Friday, October 4, 2013

Today it would be "Like, like me do"

On October 4, 1962, the Beatles released "Love Me Do" on Parlophone Records. Their manager, Brian Epstein, bought 10,000 copies. The song went to the Top 20, and the Fab Five were on their way in England. In America, however, Capitol Records, who owned the rights to "Love Me Do," sold it cheap to Vee Jay Records. VJR later released it as part of an album, "Introducing the Beatles." In May 1964, "Love Me Do" became a Number-One hit in the U. S. of A.    

Wednesday, October 2, 2013

Not World Serious

Event of the Month: World Series.

"A ball is man's most disastrous invention, not excluding the wheel." -- Robert Morley.

...If there was stupider game in the world than football it was golf. The last time Sully had gone out it had taken him five or six hours to go around. Billowby kept wanting to put a tournament together. The Hi-Note Classic. Sully told him he’d show up if he could drive the cart with the keg on it. And then Billowby had talked about putting in a golf machine, of all things, but had never gotten around to it. But then he still hadn’t gotten around to filling the pothole out back.  (The Misforgotten, Chapter 38.)

Saturday, July 20, 2013

Moon of the Day

Man landed on the moon on this day in 1969.

"The sun and the moon and the stars would have long ago disappeared...had they happened to be within the reach of predatory human hands." -- Havelock Ellis.

Thursday, July 11, 2013

Be sure and don't move your lips when you read Proust

July 9: Romance novelist Barbara Cartland was born on this day in 1901.

"If you want to get rich from writing, write the sort of thing that's read by persons who move their lips when they're reading to themselves." -- Don Marquis.

Yesterday: French novelist Marcel Proust was born on July 10, 1871.

"I think he (Proust) was mentally defective." -- Evelyn Waugh.

Sunday, July 7, 2013

They smelled a Surratt

A blow was struck for equality on this day in 1865. Mary Surratt became the first woman executed by hanging by the federal government. She was the proprietress of a boarding house in Washington, D. C. Her son was a friend of the actor John Wilkes Booth. Those two and some other conspirators met in the house to plot the assassination of President Abraham Lincoln, which was carried out on April 14, 1865. Mary Surratt was arrested and tried for conspiracy, and sentenced to death by a military commission. Whether she was guilty is still is a controversy. She and four others were hanged on July 7. Her son, who had fled,  was found and later brought to trial, but released when the government failed to bring an indictment.

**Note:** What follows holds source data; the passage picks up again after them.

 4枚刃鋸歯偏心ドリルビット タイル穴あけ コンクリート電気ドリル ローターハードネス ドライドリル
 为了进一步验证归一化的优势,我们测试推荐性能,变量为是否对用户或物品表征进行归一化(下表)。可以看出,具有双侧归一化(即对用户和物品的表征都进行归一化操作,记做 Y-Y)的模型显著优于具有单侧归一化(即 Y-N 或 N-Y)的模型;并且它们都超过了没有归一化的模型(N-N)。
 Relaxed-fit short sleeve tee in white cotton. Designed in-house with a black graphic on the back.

The story is the subject of an excellent 2010 movie called "The Conspirator." Robin Wright (shown in picture), the former Mrs. Sean Penn, played Mary Surratt.  

Tuesday, July 2, 2013

He'll float among the stars forever

On July 2, 1982, Larry Walters made aviation history, or infamy. Walters tied 42 helium-filled weather balloons to his lawn chair and sailed aloft from the back yard of his girlfriend's house in San Pedro, California. His plan was to enjoy a leisurely cruise across the desert, but he went straight up instead. As he lost his breath, he panicked. He tried to shoot out some of the balloons with a pellet gun he'd brought (presumably to take potshots at desert critters, etc.), but dropped the gun after hitting only seven of them. He  then called for help on his CB radio. (At least he went prepared.)

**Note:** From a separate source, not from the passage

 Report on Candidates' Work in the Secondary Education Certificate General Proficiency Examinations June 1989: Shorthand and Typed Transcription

A police copter followed Walters until he flew into some power lines, blacking out a Long Beach neighborhood for a half-hour. He then crashed into a driveway.

Walters broke the world altitude record for clustered balloon flight, but it wasn't official because it was unlicensed. And the FAA fined him $1,500. He did make appearances on the Tonight Show and Letterman.

In 1993, Walters took his own life--with a gun, not by sailing off to eternity.

Sunday, June 30, 2013

It takes a lot to shake up a Russian

On June 30, 1908, either a comet or a meteorite touched down in the Vanavara neighborhood of the Stony Tunguska River in Siberia, causing one of the greatest natural catastrophes in history. The explosion devastated an area of 1,500 square miles, blowing away millions of trees, two towns, and a whole host of reindeer. The shock was felt more than 600 miles away; even so, scientists did not get around to investigating until 1927.

Friday, June 14, 2013

It's an okay old flag

On June 14, 1777, the Continental Congress approved a resolution creating a national flag. It hardly made a ripple. No one outside of the government knew about it until a blurb in a Pennsylvania newspaper mentioned it three months later.

Happy Flag Day!

Wednesday, June 12, 2013

Tune in, turn on--and not your radio or TV

Put me in, Coach
On June 12, 1970, Major League pitcher Dock Ellis took a trip to the mountaintop. He pitched a no-hitter for the Pittsburgh Pirates. Fourteen years later Ellis revealed that he had realized every pitcher's dream while under the influence of LSD.

Ellis had dropped out about noon that day, under the impression that the Pirates had an off-day. When he found out there was a game and that he was scheduled to pitch, he decided, what the heck, you only go around and around once.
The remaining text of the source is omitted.